There is one simple reason for that: The computer, who has to work with that data, does not understand it. And (as sad as it is) he does not care about the death of a patient. The only thing he wants to do is to calculate a mean value. And he needs numeric values for it. If you still want to have that comment, just save it somewhere else in another column for comments or in a separate file the computer does not have to deal with when performing statistical calculations.

So I removed that comment (and some others I found) and tried to calculate the mean value again. This time my computer did not complain, the warning message disappeard and for one moment I felt relieved. In the next moment I saw the result of the calculation. The average age of the patients was 459.76. And again I told my computer that this is not possible and again he was sure that I was wrong and again I had to take a look at the excel sheet with the data. Did I mention that the file contained about 2000 rows and 30 columns? However, after a little searching I found a cell with the value -999999. It was immediately clear to me that this was not the real age of the patient, but I wasn‘t able to find out by myself what that value meant. It could have been a typo, however the leader of my research group told me that some people use -999999 as an error code. It could mean something like: „I don‘t know the age of the patient.“ Or: „That patient also died.“ But that was only a guess. So here is my rule number 2:

2. Document your error codes

If there would have been some documentation I would maybe have known what to do with that value. Instead I secretly deleted it, hoping that it was not important to anyone, because unfortunately to my computer -999999 is just a numeric value, not better or worse than any other. So I had to tell him not to use it. But that was only the beginning.
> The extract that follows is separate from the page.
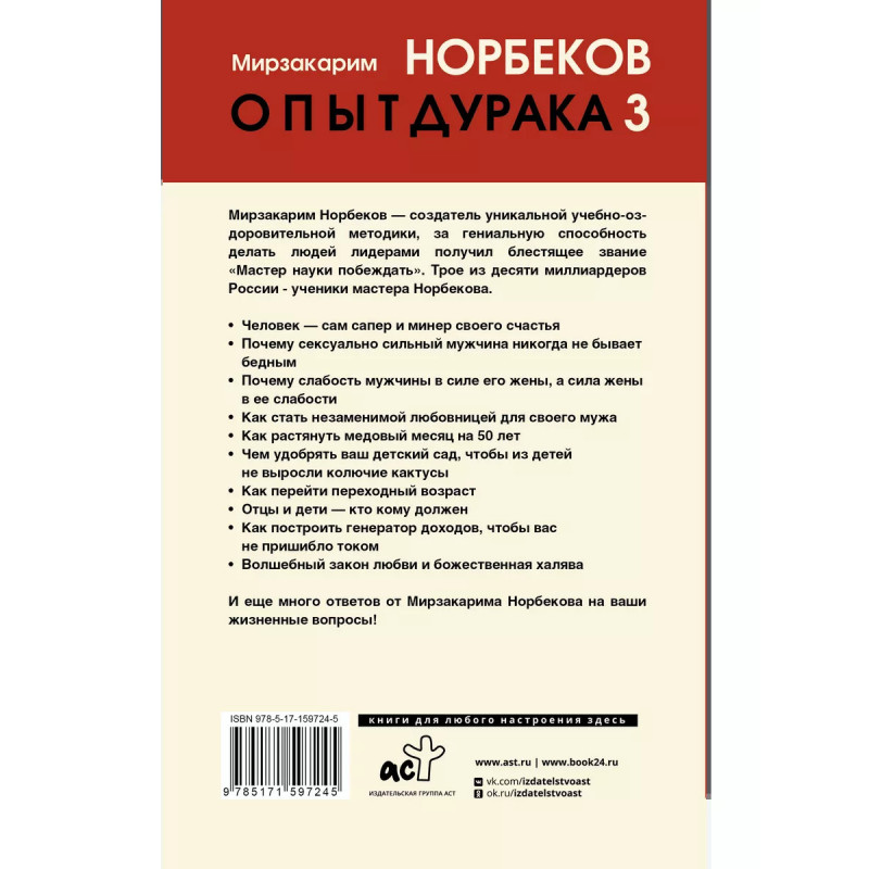 Опыт дурака 3. Самостоятельное изготовление семейного счастья в домашних условиях. Мирзакарим Норбеков - создатель уникальной учебно-оздоровительной методики, за гениальную способность делать людей лидерами получил блестящее звание "Мастер науки побеждать". Трое из десяти миллиардеров России - ученики мастера Норбекова. Человек - сам сапер и минер своего счастья. Если вам интересно, почему сексуально сильный мужчина никогда не бывает бедным, как преодолеть трудности переходного возраста, вырастить детей, а не колючих кактусов, и в это же время построить свой безотказный генератор доходов - погрузитесь в "Опыт дурака-3" Мирзакарима Норбекова, в волшебные законы любви и божественной халявы. Вы ведь хотите получить ответы на жизненные вопросы? Тогда вперед - читайте, осознавайте и действуйте!

I learned from my previous mistakes and before performing any other statistical calculations I had a look at the whole excel sheet. And it was even more horrible than I expected it to be. If every person who worked with that table would have used the same error code, I could just have written a script that eliminated all -999999 from the sheet and it would have been done. But it seemed that everyone had his own favorite (undocumented) error code. Or if at least there would have been some documentation about the value ranges of each column, I could have told my computer to ignore all values that are not in that range. For something like the age of a patient this is easy, but for other medical data a computer science student like me does not know that can be hard. Is 0 a valid value or does it mean that there is no value? What about 999? So in any case: I had to read the whole table (again: 2000×30 values!) and manually guess for each value if it really was a value or an error code and then tell my computer to ignore it, so he could calculate the right means. I don‘t know exactly how much time that cost, but I‘m sure in the same time I could have read all nine books of The Histories by Herodotus twice, watch every single episode of Gilmore Girls including the four episodes of A Year in the Life and learn Japanese. So finally here‘s my rule number 3 (and the good part about this one is that you can immediately forget about rule number 2):

3. Don‘t use error codes in data files

Really. Don‘t. The student assistants of the future will thank you.